▸ **Goal of the exercise**
First find the line with "Settet består av", then reproduce it and all following lines of the data to the end, exactly and with no pictures, adding nothing.

▸ **Extracted material**
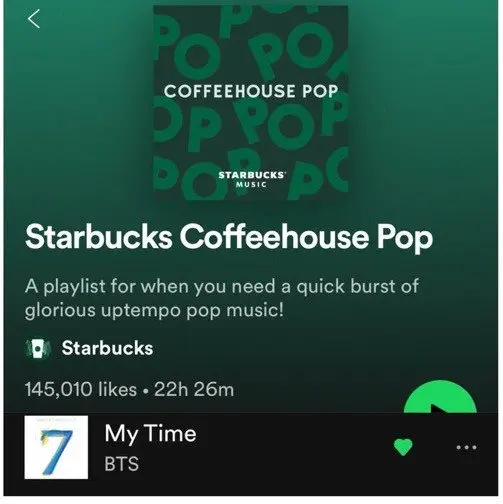 Starbucks เพิ่มเพลงโซโล่ “My Time” ของจองกุก BTS ลงในเพลย์ลิสต์ “Starbucks Coffeehouse Pop” บน Spotify ทำเอาแฟนๆของจองกุกตื่นตื่นยกใหญ่
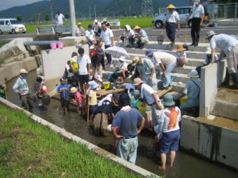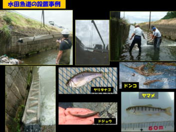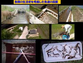 「水田魚道」とは魚類が圃場へ自由に出入りできるように、水田と主に農業用排水路との間に取り付けた 「魚の階段」です。ドジョウやフナ、メダカなどは、春になると水田から排水路に流れ出た暖かい水に誘われ て大群となって水田委遡上し浅い水辺で産卵します。餌となるプランクトンが多く、また流れが緩やかなた め卵や稚魚が流されません。そのため、水田は魚類が産卵するのに最適な「ゆりかご」となっています。
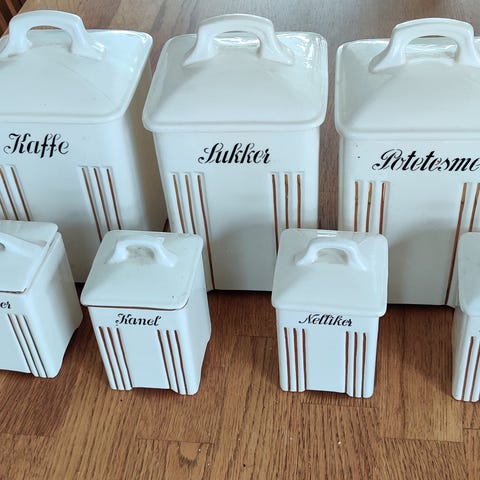 Settet består av 4 store og 4 små krydder sett pluss en vegg hengt mel boks med tre lokk
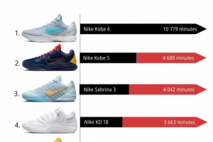 體育資訊1月2日訊 球鞋媒體kixstats統計了12月份NBA球員上腳球鞋的總時長排行,其中科比的兩款球鞋排名前二,Kobe 6依舊是斷檔第一。WNBA球星約內斯庫的Sabrina 3排名第三。
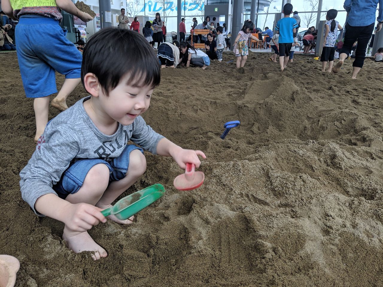 それでも眼前にこれだけ広大な砂場があれば、当然の如く砂まみれになって遊びます。雨模様だったこともあってかなり混雑しており、子どもたちの楽しそうな声が響いており、かなり明るく楽しい雰囲気だったのも良かったと感じました。
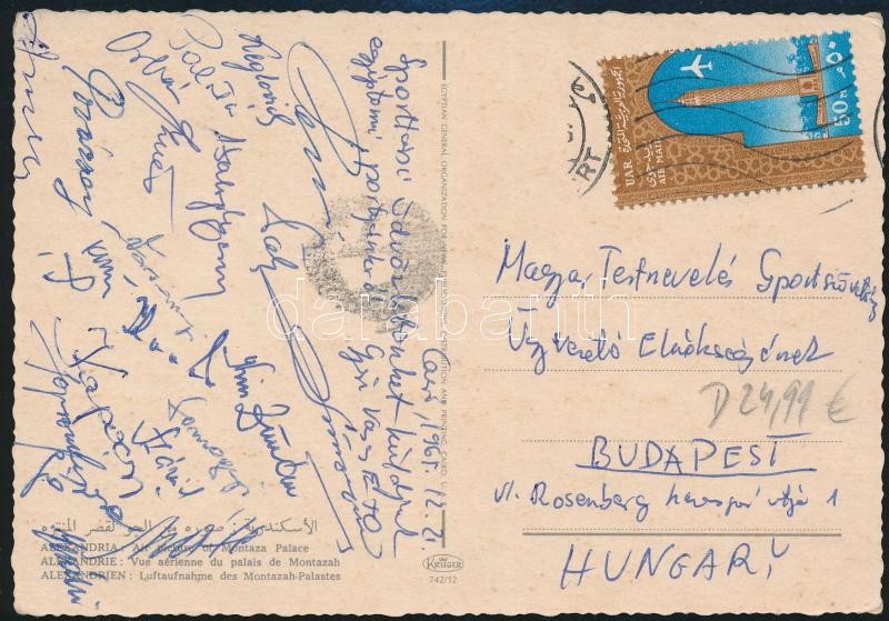 Leírás: 1965 Győri Vasas ETO labdarúgó csapatának aláírásai (Kelgovich, Povázsai, Palotai, Orbán, ..stb.) egy Kairóból az MTS-nek küldött képeslapon

▸ **Solution to the problem**
 Settet består av 4 store og 4 små krydder sett pluss en vegg hengt mel boks med tre lokk
 體育資訊1月2日訊 球鞋媒體kixstats統計了12月份NBA球員上腳球鞋的總時長排行,其中科比的兩款球鞋排名前二,Kobe 6依舊是斷檔第一。WNBA球星約內斯庫的Sabrina 3排名第三。
 それでも眼前にこれだけ広大な砂場があれば、当然の如く砂まみれになって遊びます。雨模様だったこともあってかなり混雑しており、子どもたちの楽しそうな声が響いており、かなり明るく楽しい雰囲気だったのも良かったと感じました。
 Leírás: 1965 Győri Vasas ETO labdarúgó csapatának aláírásai (Kelgovich, Povázsai, Palotai, Orbán, ..stb.) egy Kairóból az MTS-nek küldött képeslapon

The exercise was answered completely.